YOUR OBJECTIVE
Starting at the first line of the material below and stopping after the line that includes "观众可以看到伊朗的动植物、工", write the lines out again exactly. Drop any pictures.

(SOURCE DATA begins)

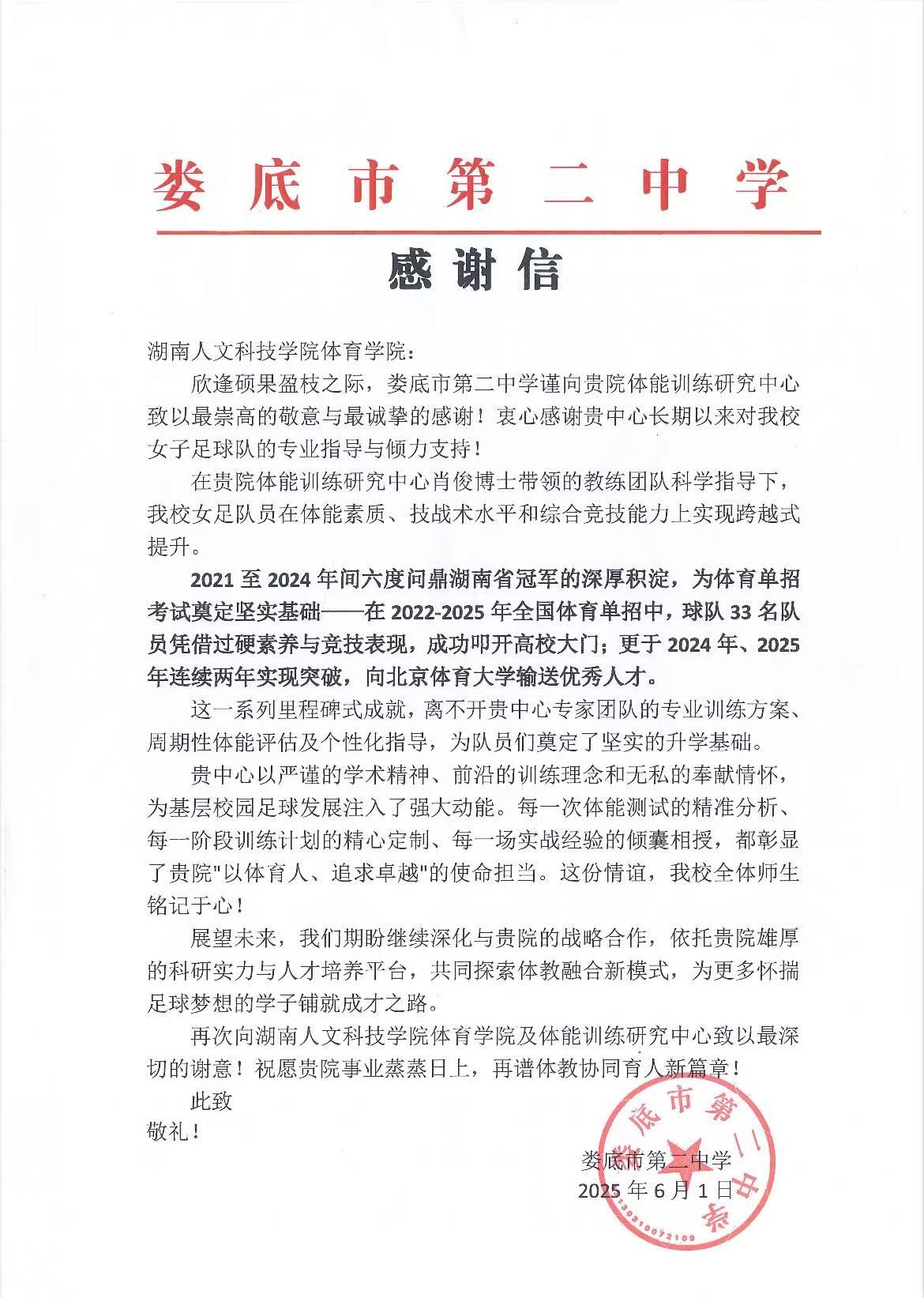 近日,娄底市第二中学发来感谢信,对KY官网体能训练研究中心长期指导该校女足、助力队伍取得竞技与升学双突破表示感谢。自2021年起,KY官网肖俊博士团队以“高校专家团队+基层运动队”模式,为娄底二中女足提供科学训练支持。
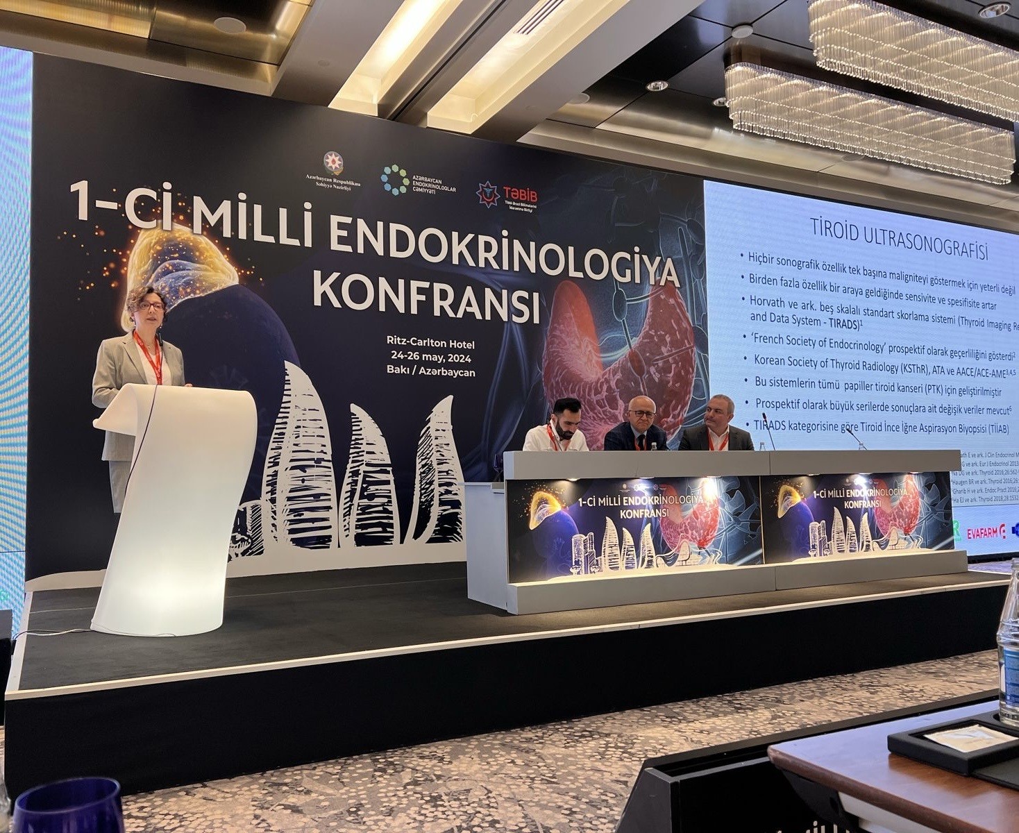Acıbadem Kent Hastanesi Endokrinoloji ve Metabolizma Hastalıkları Uzmanı Prof. Dr. Mehtap Çakır, Azerbaycan Endokrinologlar Cemiyeti’nin davetlisi olarak gittiği Bakü’de, 25 Mayıs Dünya Tiroid Günü’nde “Tiroid Nodülüne Yaklaşım” konusunda sunum yaptı. 24-26 Mayıs 2024 1. Azerbaycan Ulusal Endokrinoloji Kongresi kapsamında gerçekleşen konferansta Prof. Dr. Çakır, tiroid hastalıklarının bütün dünyada endokrinolojide en yaygın görülen problemlerden biri olduğuna dikkat çekti. Son Avrupa Tiroid Birliği kılavuzunda, tiroid nodüllerinin erişkinlerde yüzde 60 oranında bulunduğunun rapor edildiğini kaydeden Prof. Dr. Çakır, konferansında şu noktalara dikkat çekti:
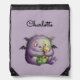Cute Purple Green Fluffy Monster Buddy Drawstring Bag
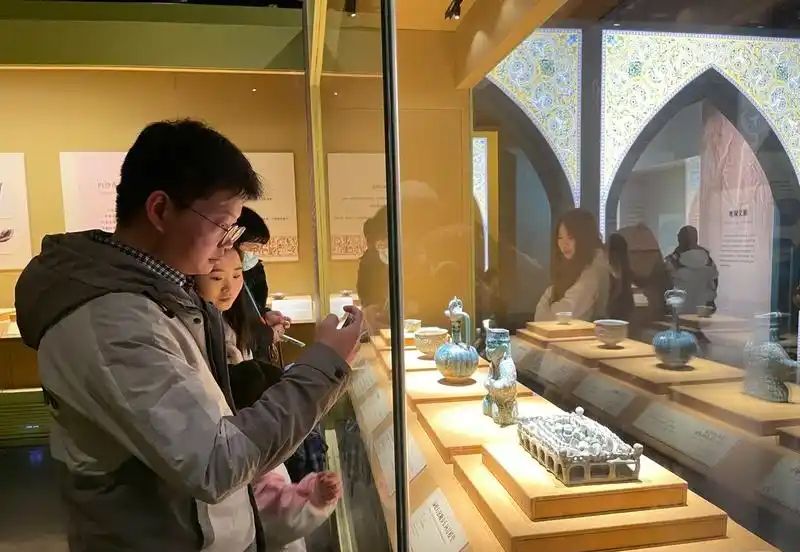观众可以看到伊朗的动植物、工艺品传入中国的历史痕迹,如狮子、鸵鸟等动物形象以及广州藩坊遗址出土的波斯蓝釉陶;同时也能了解中国文化对伊朗的影响,如丝绸、瓷器等中国元素在伊朗艺术中的体现。(图片来源:北京《中国日报》网)
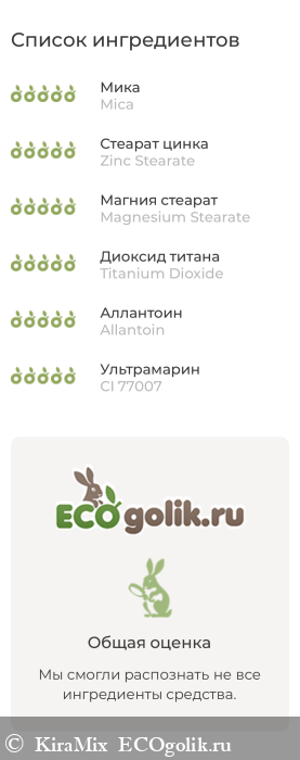 слюда, обработанная лауроил лизином (Mica CI 77019 treated with Lauroyl Lysine), стеарат цинка (Zinc Stearate), стеарат магния (Magnesium Stearate), диоксид титана (Titanium Dioxide Cl 77891), аллантоин (Allantoin), +- оксиды железа (Iron Oxide CI 77491, CI 77492, CI 77499), ультрамарины (Ultramarine Blue CI 77007)
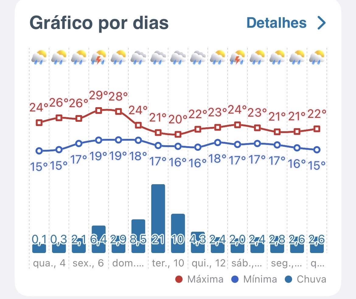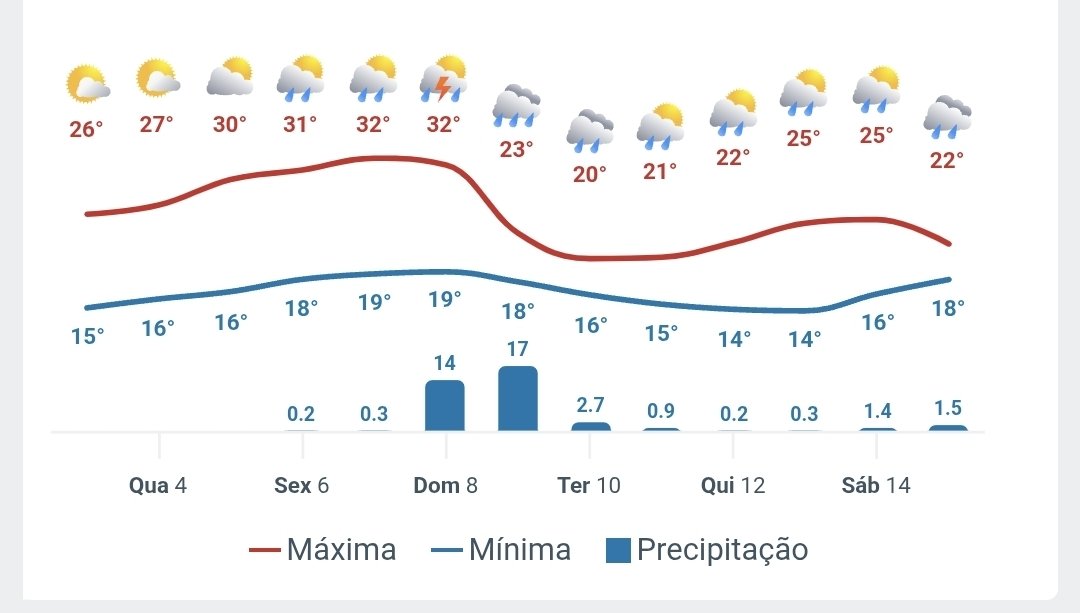 Rafael Posted March 4, 2026 at 09:54 PM Share Posted March 4, 2026 at 09:54 PM Boa Noite. Não sei se posso considerar uma mudança para o outono, mas as tardes não tem sido mais as mesmas em relação a jan/fev aqui na Serra. Do dia 1° de março até hj (4) todas as máximas ficaram abaixo dos 27 graus na área urbana, o que já é um alivio e o conforto térmico é excelente. E a partir do dia 9 desse mês as máximas devem ficar ainda mais baixas devido a chuva. Quanto as mínimas já subiram novamente, hj foi de 17 graus aqui em casa. 4 Quote Link to comment Share on other sites More sharing options...
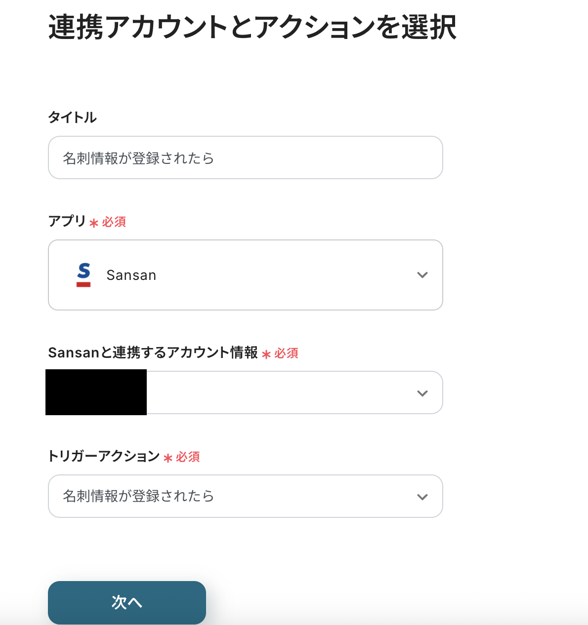 Sansanの設定と同様に、タイトルやアカウント情報を確認して「次へ」をクリックします。
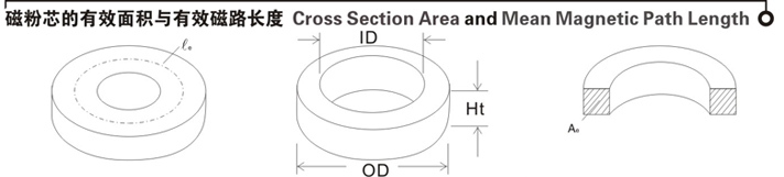 ![]() | Ae:有效磁粉芯面積(cm2)與磁芯的橫截面積相等(cross section area) le:有效磁路長度或稱平均磁路長度(cm)(mean magnetic path length) V:磁芯體積:(cm3)(core volume) OD:磁芯外徑(cm)(outside diameter of core) ID:磁芯內(nèi)徑(cm)(inside diameter of core) Ht:磁芯高度(cm) W:磁芯最小窗口面積(cm2) 1英寸(inches)=103mil=25.4mm |

(SOURCE DATA ends)

SOLUTION TO THE PROBLEM
 近日,娄底市第二中学发来感谢信,对KY官网体能训练研究中心长期指导该校女足、助力队伍取得竞技与升学双突破表示感谢。自2021年起,KY官网肖俊博士团队以“高校专家团队+基层运动队”模式,为娄底二中女足提供科学训练支持。
Acıbadem Kent Hastanesi Endokrinoloji ve Metabolizma Hastalıkları Uzmanı Prof. Dr. Mehtap Çakır, Azerbaycan Endokrinologlar Cemiyeti’nin davetlisi olarak gittiği Bakü’de, 25 Mayıs Dünya Tiroid Günü’nde “Tiroid Nodülüne Yaklaşım” konusunda sunum yaptı. 24-26 Mayıs 2024 1. Azerbaycan Ulusal Endokrinoloji Kongresi kapsamında gerçekleşen konferansta Prof. Dr. Çakır, tiroid hastalıklarının bütün dünyada endokrinolojide en yaygın görülen problemlerden biri olduğuna dikkat çekti. Son Avrupa Tiroid Birliği kılavuzunda, tiroid nodüllerinin erişkinlerde yüzde 60 oranında bulunduğunun rapor edildiğini kaydeden Prof. Dr. Çakır, konferansında şu noktalara dikkat çekti:
Cute Purple Green Fluffy Monster Buddy Drawstring Bag
观众可以看到伊朗的动植物、工艺品传入中国的历史痕迹,如狮子、鸵鸟等动物形象以及广州藩坊遗址出土的波斯蓝釉陶;同时也能了解中国文化对伊朗的影响,如丝绸、瓷器等中国元素在伊朗艺术中的体现。(图片来源:北京《中国日报》网)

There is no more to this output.